2-Copyright & DISCLAIMER
This program is copyrighted to Marco A.G.Pinto and
Community Contributors.
It is freely distributable and modifiable under the
Apache License
v2.0.
3-Contacts
(coder)
S.Mail: |
Marco A.G.Pinto
Apartado 3083
2746-501 Queluz
(Portugal)
|
E.Mail: |
marcoagpinto@mail.telepac.pt |
4-Thanks
Some special thanks go to:
Groups/Organisations:
- Apache Community
- LanguageTool Community
- LibreOffice Community
- Mozilla Community
- PureBasic Community
Persons:
- Alberto Simões (Minho University)
- Alexandro Colorado (Apache OpenOffice)
- Andrea Pescetti (Apache OpenOffice)
- Andreas Mantke (LibreOffice)
- Andrew Ferguson (PureBasic)
- António Manuel Dias (former pt_PT maintainer)
- Ashley Scott (PureBasic)
- Bernd Krüger-Knauber (PureBasic)
- Chris Saxon (PureBasic)
- Daniel Naber (LanguageTool)
- Filiep Spyckerelle (European Parliament)
- Frédéric Laboureur (PureBasic)
- Gervase Markham (Mozilla)
- Guy Waterval (Apache OpenOffice)
- Heinz Urban (PureBasic)
- Ian Neal (Mozilla)
- Jonathan Kew (Mozilla)
- José Almeida (Minho University)
- Kevin Scannell (Mozilla)
- Martin Srebotnjak (LanguageTool)
- Matthias Mailänder (LanguageTool)
- Pedro Marques (IADE - Creative University)
- Peter Chamberlin (Mozilla)
- Ricardo Palomares Martínez (Apache OpenOffice)
- Shantanu Oak (LibreOffice)
- srod (PureBasic)
- Stuart Swales (Apache OpenOffice)
- Thomas Schulz (PureBasic)
5-How it works
5.1a-Using UTF-8
This tool was made to work with UTF-8
encoding.
A good trick to convert the old encoding formats to
UTF-8 is to use, for example, the
Notepad++
editor for Windows.
Simply open the files with it, change the encoding to
UTF-8 using the menu: Encoding -> Convert to UTF-8
without BOM, so that accents appear well.

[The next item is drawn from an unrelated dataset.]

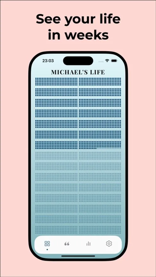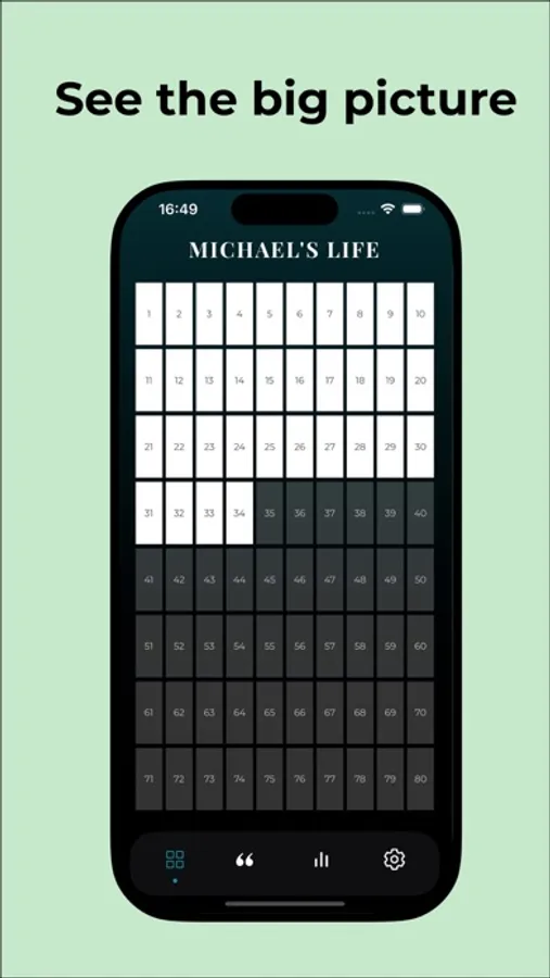 • Life in Weeks Visualisation: See your life laid out in 4160 weeks, helping you prioritise what truly matters.

Then, use the Save As option and select
"Normal text file (*.txt)" and it is done.
Please don't forget to change by hand in the header of the
files, the word that has the old format, with the new one.

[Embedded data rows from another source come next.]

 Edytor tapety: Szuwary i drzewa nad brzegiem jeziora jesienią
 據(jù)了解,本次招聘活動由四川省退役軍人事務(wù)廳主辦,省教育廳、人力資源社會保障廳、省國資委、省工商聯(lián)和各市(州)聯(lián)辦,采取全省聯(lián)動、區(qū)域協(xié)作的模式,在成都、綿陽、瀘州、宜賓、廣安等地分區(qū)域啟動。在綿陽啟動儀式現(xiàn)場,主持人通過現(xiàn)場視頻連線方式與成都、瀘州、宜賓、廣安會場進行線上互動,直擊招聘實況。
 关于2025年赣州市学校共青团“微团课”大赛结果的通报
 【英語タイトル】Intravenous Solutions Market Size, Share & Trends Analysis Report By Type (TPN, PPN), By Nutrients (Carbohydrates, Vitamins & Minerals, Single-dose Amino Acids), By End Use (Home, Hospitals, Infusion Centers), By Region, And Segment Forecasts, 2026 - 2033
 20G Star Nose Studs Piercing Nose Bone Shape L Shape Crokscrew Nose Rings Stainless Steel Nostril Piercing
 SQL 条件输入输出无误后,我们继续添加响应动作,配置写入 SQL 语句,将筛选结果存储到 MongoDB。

The headers with the font encoding are
inside the files. See for example Version 2.4 (01/09/2007) of the Italian files:
- The Dictionary (.DIC + .AFF):
The .DIC has no keyword.
The .AFF has the following keyword:
SET ISO8859-15 -> Replace with
SET UTF-8
- The Thesaurus (.DAT):
It has in the first line:
ISO8859-15 -> Replace with
UTF-8
5.1b-EOL Windows VS Linux
I have done some tests saving in Windows and Linux and
the Windows files become bigger than in Linux.
I believe this happens because the End of Line characters is different both in
Windows and in Linux.
I have edited both files to compare and both have the same number of lines
with the same words.
I believe this means that they both work, unless someone sees otherwise.
5.1c-Packing the files into Extensions
To create extensions you will have to use other package which I don't know yet.
You should use the SORT button before you can consider your
Dictionary/Thesaurus/Hyphenation ready for
being packed into an extension.
Making extensions for Mozilla seems easier than making for OpenOffice/LibreOffice,
since for them it is more complex due to the fact that they can have multiple
languages in one archive.
5.1d-Shortcut keys
TAB SWITCH RIGHT - CTR+TAB
TAB SWITCH LEFT - SHIFT+CTR+TAB
OPEN - CTR+O
SAVE - CTR+S
SAVE AS - SHIFT+CTR+S
FIND - CTR+F
ADD - CTR+A
GOTO - CTR+G
DELETE - DEL
EXIT A WINDOW & ABORT OPEN/SAVE/SAVE AS - <ESC>
QUIT - CTR+Q
5.2-Dictionary
5.2.1-Creating a Dictionary
If you have a Dictionary in memory, use PURGE
to delete all entries.
To create a Dictionary from zero you just have to press the button ADD to add
words.
Use EDIT or double-click to change information regarding the words.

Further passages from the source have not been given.